THE PROBLEM:
The answer should consist of the full listing below, repeated exactly and free of pictures.

THE DATA:
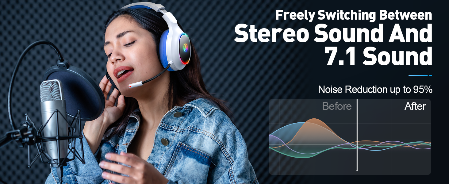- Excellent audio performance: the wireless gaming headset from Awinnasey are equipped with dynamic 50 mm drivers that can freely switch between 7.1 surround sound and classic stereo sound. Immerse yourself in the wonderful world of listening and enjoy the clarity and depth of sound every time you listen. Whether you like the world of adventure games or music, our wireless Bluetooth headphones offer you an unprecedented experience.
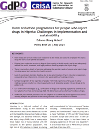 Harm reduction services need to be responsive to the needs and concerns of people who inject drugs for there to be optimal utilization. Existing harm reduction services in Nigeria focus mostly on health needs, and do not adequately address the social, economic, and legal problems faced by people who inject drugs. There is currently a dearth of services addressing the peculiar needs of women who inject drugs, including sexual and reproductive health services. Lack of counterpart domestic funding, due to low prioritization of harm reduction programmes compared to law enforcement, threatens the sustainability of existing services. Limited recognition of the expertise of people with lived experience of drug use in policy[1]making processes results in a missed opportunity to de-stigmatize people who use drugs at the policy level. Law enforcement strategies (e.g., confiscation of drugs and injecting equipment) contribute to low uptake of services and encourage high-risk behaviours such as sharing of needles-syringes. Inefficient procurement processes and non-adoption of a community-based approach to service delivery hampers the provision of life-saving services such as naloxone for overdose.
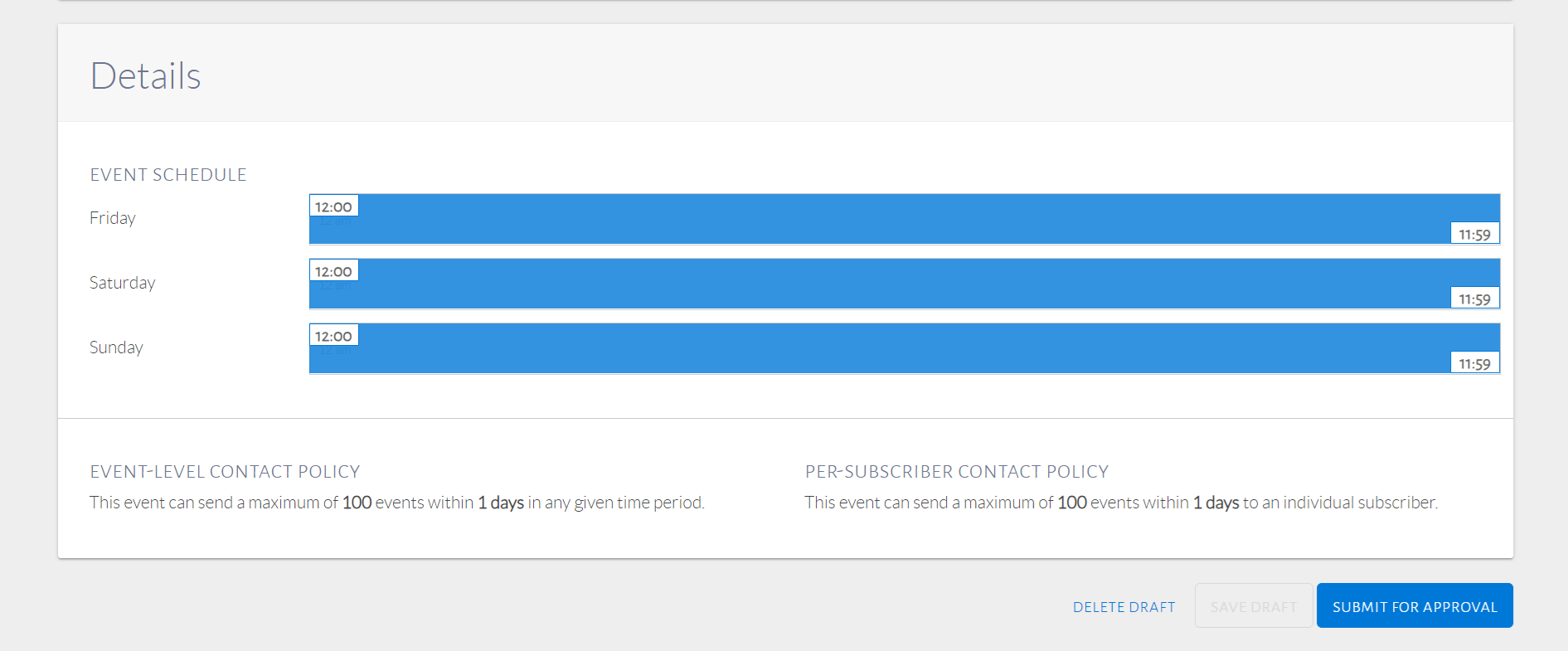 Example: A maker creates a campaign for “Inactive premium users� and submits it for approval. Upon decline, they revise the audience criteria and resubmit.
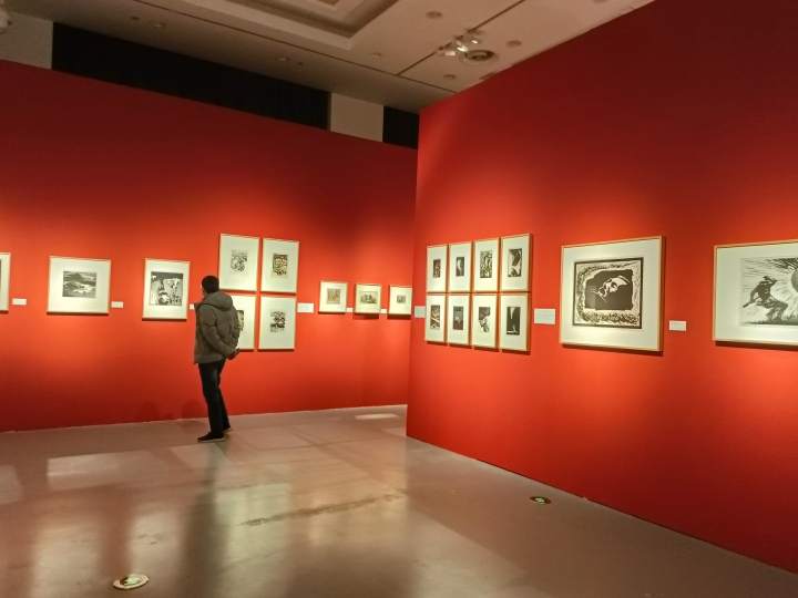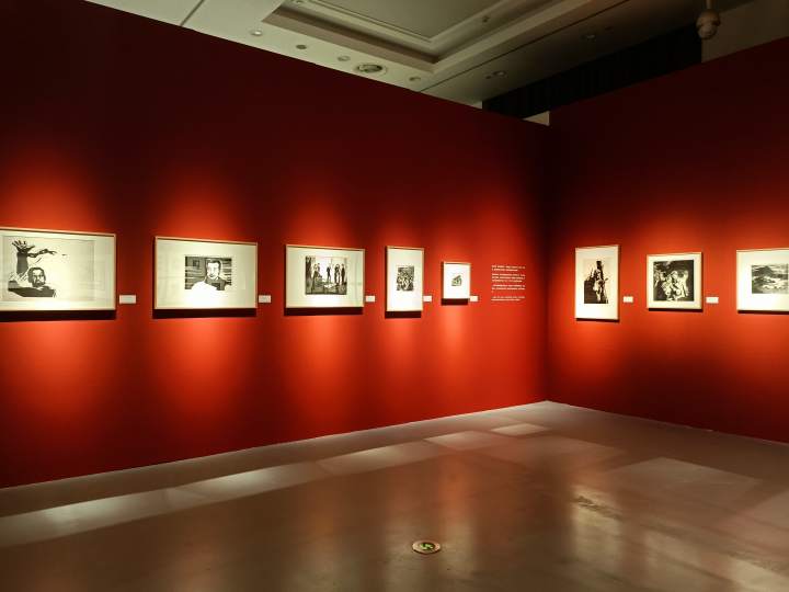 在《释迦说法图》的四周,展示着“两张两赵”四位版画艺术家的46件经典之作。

TASK SOLUTION:
- Excellent audio performance: the wireless gaming headset from Awinnasey are equipped with dynamic 50 mm drivers that can freely switch between 7.1 surround sound and classic stereo sound. Immerse yourself in the wonderful world of listening and enjoy the clarity and depth of sound every time you listen. Whether you like the world of adventure games or music, our wireless Bluetooth headphones offer you an unprecedented experience.
 Harm reduction services need to be responsive to the needs and concerns of people who inject drugs for there to be optimal utilization. Existing harm reduction services in Nigeria focus mostly on health needs, and do not adequately address the social, economic, and legal problems faced by people who inject drugs. There is currently a dearth of services addressing the peculiar needs of women who inject drugs, including sexual and reproductive health services. Lack of counterpart domestic funding, due to low prioritization of harm reduction programmes compared to law enforcement, threatens the sustainability of existing services. Limited recognition of the expertise of people with lived experience of drug use in policy[1]making processes results in a missed opportunity to de-stigmatize people who use drugs at the policy level. Law enforcement strategies (e.g., confiscation of drugs and injecting equipment) contribute to low uptake of services and encourage high-risk behaviours such as sharing of needles-syringes. Inefficient procurement processes and non-adoption of a community-based approach to service delivery hampers the provision of life-saving services such as naloxone for overdose.
 Example: A maker creates a campaign for “Inactive premium users� and submits it for approval. Upon decline, they revise the audience criteria and resubmit.
 在《释迦说法图》的四周,展示着“两张两赵”四位版画艺术家的46件经典之作。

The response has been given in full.